In [None]:
import pandas as pd
import matplotlib.pyplot as plt
import numpy as np
from numpy import NaN
from glob import glob
import re

In [None]:
pd.set_option('max_columns', 200)
pd.set_option('max_rows', 300)
pd.set_option('display.expand_frame_repr', True)

### Data Files Location

* Most data files for the exercises can be found on the [course site](#https://www.datacamp.com/courses/manipulating-dataframes-with-pandas)
    * [Olympic medals](#https://assets.datacamp.com/production/repositories/502/datasets/bf22326ecc9171f68796ad805a7c1135288120b6/all_medalists.csv)
    * [Gapminder](#https://assets.datacamp.com/production/repositories/502/datasets/09378cc53faec573bcb802dce03b01318108a880/gapminder_tidy.csv)
    * [2012 US election results (Pennsylvania)](#https://assets.datacamp.com/production/repositories/502/datasets/502f4eedaf44ad1c94b3595c7691746f282e0b0a/pennsylvania2012_turnout.csv)
    * [Pittsburgh weather data](#https://assets.datacamp.com/production/repositories/502/datasets/6c4984cb81ea50971c1660434cc4535a6669a848/pittsburgh2013.csv)
    * [Sales](#https://assets.datacamp.com/production/repositories/502/datasets/4c6d3be9e8640e2d013298230c415d3a2a2162d4/sales.zip)
    * [Titanic](#https://assets.datacamp.com/production/repositories/502/datasets/e280ed94bf4539afb57d8b1cbcc14bcf660d3c63/titanic.csv)
    * [Users](#https://assets.datacamp.com/production/repositories/502/datasets/eaf29468b9fbaad454a74d3c2b59b36e5ab4558b/users.csv)
* Other data files may be found in my [DataCamp repository](#https://github.com/trenton3983/DataCamp/tree/master/data)

### Data File Objects

In [None]:
election_penn = 'data/manipulating-dataframes-with-pandas/2012_US_election_results_(Pennsylvania).csv'
gapminder = 'data/manipulating-dataframes-with-pandas/gapminder.csv'
medals = 'data/manipulating-dataframes-with-pandas/olympic_medals.csv'
weather = 'data/manipulating-dataframes-with-pandas/Pittsburgh_weather_data.csv'
sales = 'data/manipulating-dataframes-with-pandas/sales.csv'
sales_feb = 'data/manipulating-dataframes-with-pandas/sales-feb-2015.csv'
titanic = 'data/manipulating-dataframes-with-pandas/titanics.csv'
users = 'data/manipulating-dataframes-with-pandas/users.csv'

# Manipulating DataFrames with pandas

***Course Description***

In this course, you'll learn how to leverage pandas' extremely powerful data manipulation engine to get the most out of your data.
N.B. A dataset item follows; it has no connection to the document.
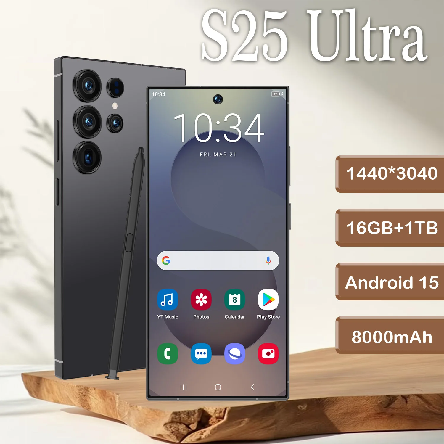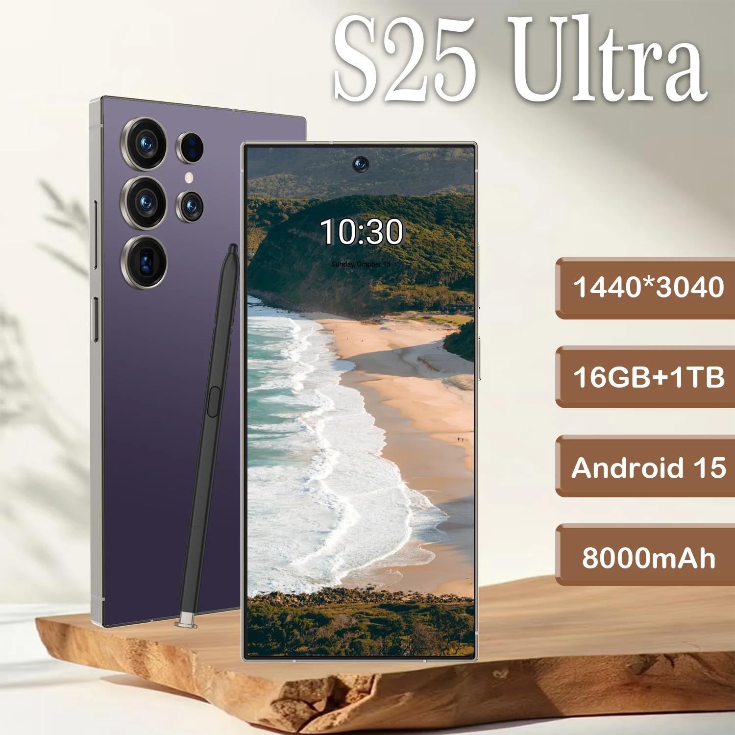 Metallic Frame S25 Ultra 7.3Inch 16GB+1TB 5G Dual SIM Smartphone with HD OLED 90Hz Display LTE Android 13 8000mAh+ Battery
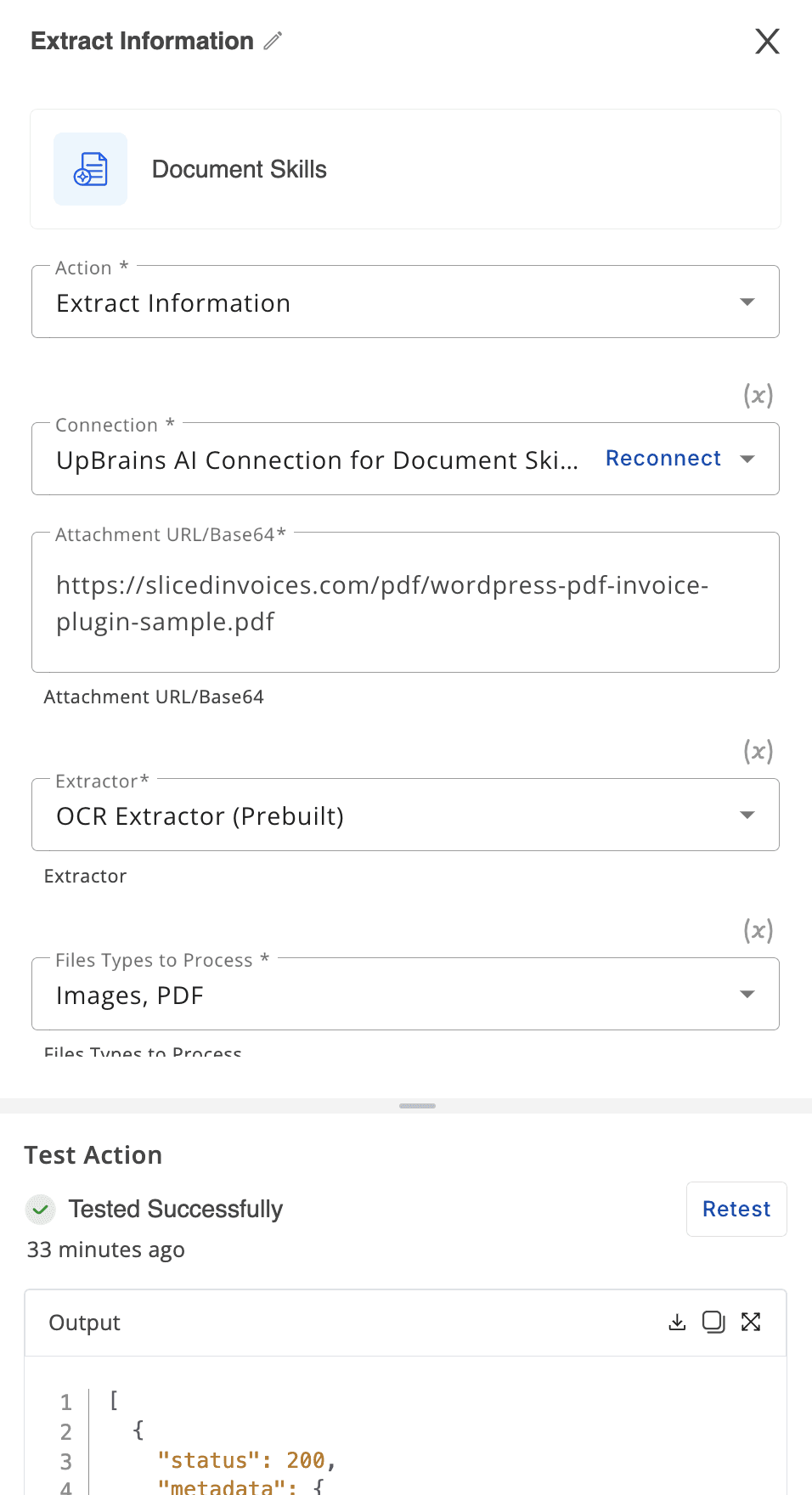Step 4: Extract Text with “Information Extraction” Action

It is important to be able to extract, filter, and transform data from DataFrames in order to drill into the data that really matters. The pandas library has many techniques that make this process efficient and intuitive. You will learn how to tidy, rearrange, and restructure your data by pivoting or melting and stacking or unstacking DataFrames. These are all fundamental next steps on the road to becoming a well-rounded Data Scientist, and you will have the chance to apply all the concepts you learn to real-world datasets.

### What You'll Learn

* Extracting, filtering, and transforming data from DataFrames
* Advanced indexing with multiple levels
* Tidying, rearranging and restructuring your data
* Pivoting, melting, and stacking DataFrames
* Identifying and spli!ing DataFrames by groups

## Extracting and transforming data

In this chapter, you will learn all about how to index, slice, filter, and transform DataFrames, using a variety of datasets, ranging from 2012 US election data for the state of Pennsylvania to Pittsburgh weather data.

### Indexing DataFrames

#### A simple DataFrame

In [None]:
df = pd.read_csv(sales, index_col='month')
df

#### Indexing using square brackets

In [None]:
df['salt']['Jan']

#### Using column attribute and row label

In [None]:
df.eggs['Mar']

#### Accessors

* A more efficient and more programmatically reusable method of accessing data in a DataFrame is by using accessors
    * .loc - accesses using lables
    * .iloc - accesses using index positions
* Both accessors use left bracket, row specifier, comma, column specifier, right bracket as syntax

##### Using the .loc accessor

In [None]:
df.loc['May', 'spam']

##### Using the .iloc accessor

In [None]:
df.iloc[4, 2]

#### Selecting only some columns

* When using bracket-indexing without the .loc or .iloc accessors, the result returned can be an individual value, Pandas Series, or Pandas DataFrame.
* To ensure the return value is a DataFrame, use a nested list within square brackets

In [None]:
df_new = df[['salt','eggs']]
df_new

### Exercises

#### Index ordering

In this exercise, the DataFrame ***election*** is provided for you. It contains the 2012 US election results for the state of Pennsylvania with county names as row indices. Your job is to select ***'Bedford'*** county and the ***'winner'*** column. Which method is the preferred way?

In [None]:
election = pd.read_csv(election_penn, index_col='county')
election.head()

In [None]:
election.loc['Bedford', 'winner']

#### Positional and labeled indexing

Given a pair of label-based indices, sometimes it's necessary to find the corresponding positions. In this exercise, you will use the Pennsylvania election results again. The DataFrame is provided for you as ***election***.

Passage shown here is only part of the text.